* _Supplied information_
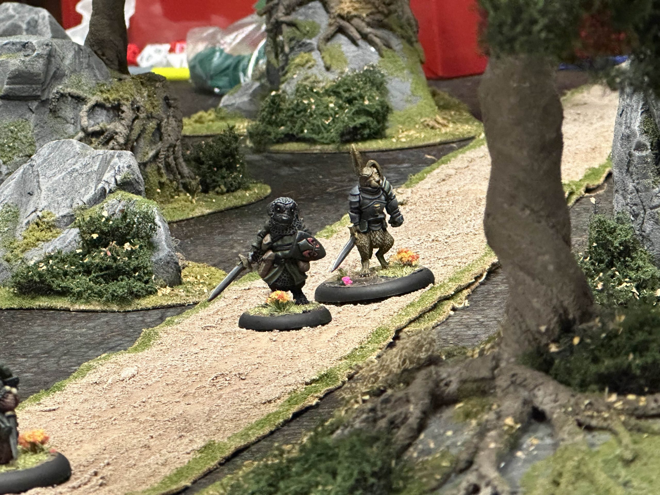 Here are some pictures of Frodo and his companions as they navigate the forest, which works great as Mirkwood or Fangorn Forest. There´s also a shot from a game in which the Garrison of Dale took on the Spiders of Mirkwood.
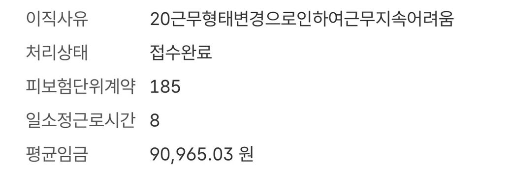회사에서도 **이직확인서 이직사유를 코드20(근무형태 변경으로 인한 근무 지속 어려움)**으로 제출했으며, 현재 고용보험 시스템에서 이직확인서 처리상태는 접수완료로 확인됩니다.
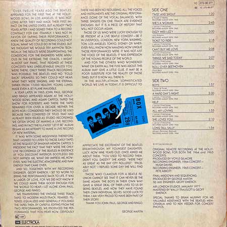 У запис увійшли виступи гурту 1964 і 1965 років на відомій сцені Hollywood Bowl у Лос-Анджелесі. Завдяки чудовій роботі звукорежисерів, зокрема Джорджа Мартіна, вдалося зберегти ту неповторну атмосферу — радість, захват і драйв, які так сильно любили фанати Beatles по всьому світу.
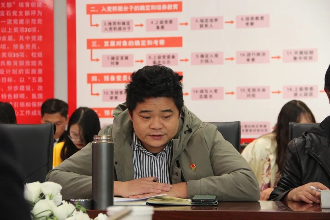 紧接着宝石党支部副书记赵忠相以脱贫攻坚为主谈到十年以来,扶贫教育工作让各族人民的生活水平都得到较高的发展,我们要深入贯彻以人民为中心的发展思想,在推进幼有所育、学有所教、劳有所得、病有所医、老有所养、住有所居、弱有所扶的扶贫上用力,建成世界上规模最大的社会保障体系,让人民群众及学生获得更多幸福感。

* _Required action_
Please return only the lines from the top of the data through the line with "회사에서도 **이직확인서 이직사유를", exactly as written, and drop every picture.

* _Solved problem_
 Here are some pictures of Frodo and his companions as they navigate the forest, which works great as Mirkwood or Fangorn Forest. There´s also a shot from a game in which the Garrison of Dale took on the Spiders of Mirkwood.
회사에서도 **이직확인서 이직사유를 코드20(근무형태 변경으로 인한 근무 지속 어려움)**으로 제출했으며, 현재 고용보험 시스템에서 이직확인서 처리상태는 접수완료로 확인됩니다.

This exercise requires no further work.